Michael is amazing. I think the race was more disappointing than boring. This period will come to an end eventually. The FIA needs to let it run it's course rather than trying to adjust the rules to make it more difficult for Ferrari and Michael. The opposition does change from race to race because everyone has new directions they are going in an attempt to chase Ferrari.


----------



## Jetfire (Jun 20, 2002)

I'm definitely against the introduction of spec parts to the series. Manufacturers use F1 as a showcase and testbed of their latest technology, and introducing spec parts will really disourage them from participating. OTOH, there is a valid complaint with respect to the costs involved. Ferrari are winning because of two things: MS and the $300M they pump into the program. I'm not sure what the solution is. I think that regulations regarding engine size, weight, etc. are all fine, but cost control through standardization is the wrong way to go.


----------



## Patrick (Dec 23, 2001)

Only 13 more races to go.

I wonder if this is even interesting to MSchumacher and Ferrari fans; I mean, what is the point anyway?

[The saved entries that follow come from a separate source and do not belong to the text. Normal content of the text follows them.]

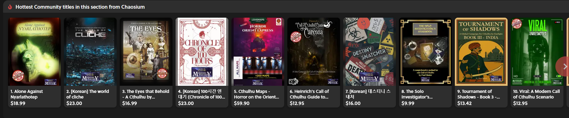 While Chaosium publishes their own scenarios, there are also third-party publishers creating content for the game. At present, Chaosium allows anyone to publish scenarios for Call of Cthulhu (CoC), through the Miskatonic Repository (MR) on drivethrurpg.com.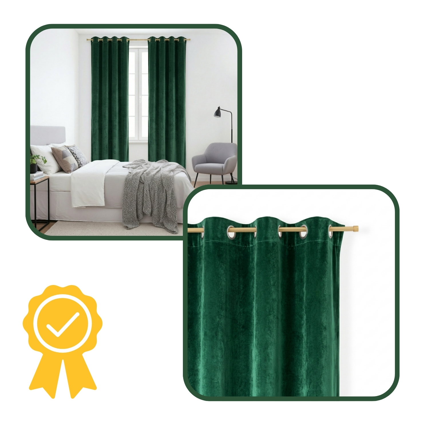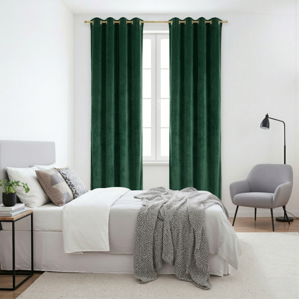 ✨ Butelkowozielona zasłona welurowa pięknie prezentuje się w salonie i sypialni, dodając wnętrzu elegancji i wyjątkowego klimatu.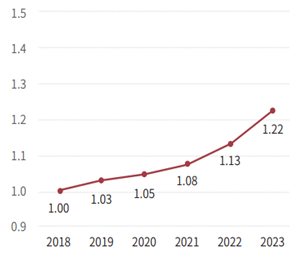 以2018年ESG评级为基数,中证800成分股ESG评级平均得分在5年间提升了22%,2023年得分增速提升了近一倍。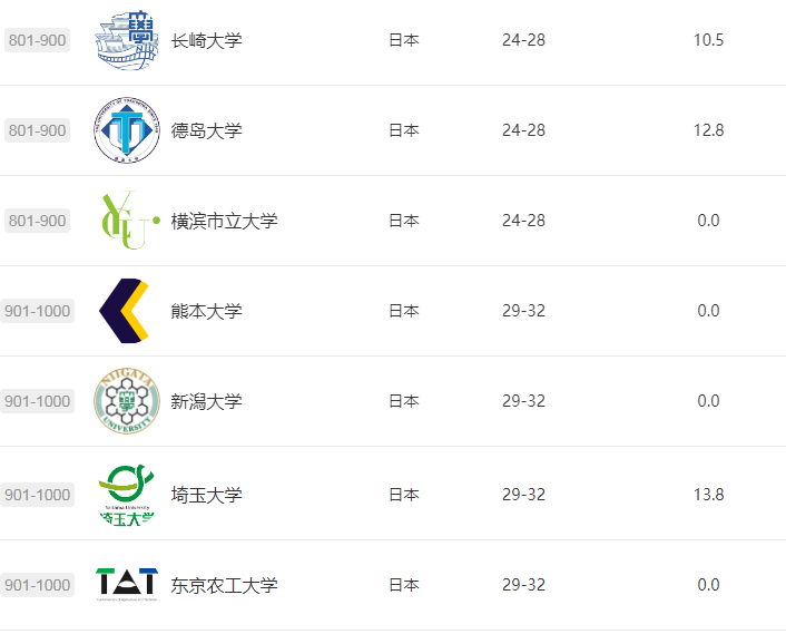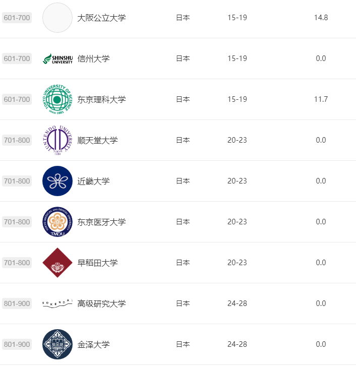 ◆北海道大學、東北大學(仙臺)、筑波大學、慶應義塾大學、九州大學、沖繩科學技術大學院大學、廣島大學位于世界前500強。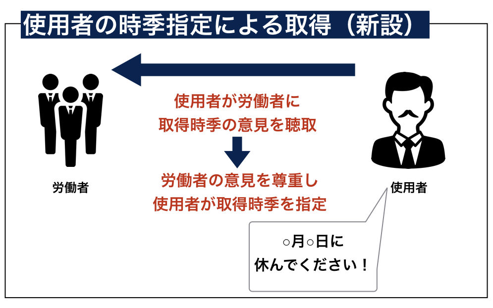 労働者の要望を聞いた使用者はそれを考慮して、「○月×日に休んでください」と有給休暇の取得時季を指定する、というものです。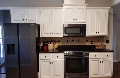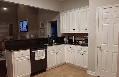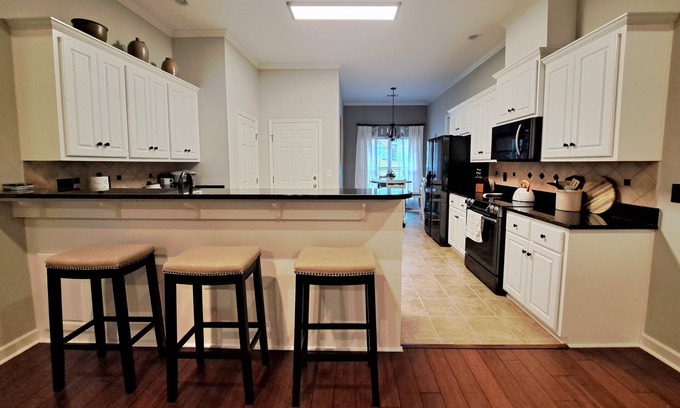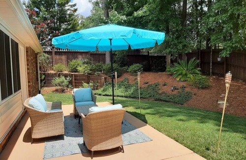 This stylish place to stay is perfect for group trips. Newly furnished three-bedroom two-bath home in a quiet residential neighborhood. Home features two car garage, 10 ft ceilings with 18 ft vaulted ceilings in living room. Gas fireplace. Spacious main bedroom with private bath. Two comfortable guest rooms separated by their own guest bath. Conveniently located near shopping and dining and a short drive to beautiful downtown Aiken. Lovely backyard with well manicured flowering bushes. Access to community pool.

I hope that the FIA goons (Mosely) and the "Great Train Robber" (Bernie) don't mess with the rules to slow down the red cars. Hopefully, Spoonface goes on winning and that the whole procession implodes. Let that be his legacy!

Fomula One is a joke.

:thumbdwn: 


-


----------



## Patrick (Dec 23, 2001)

Alex Baumann said:


> Ah, nothing like winning again ! :neener:
> 
> :fruit:


 :tsk:

-


----------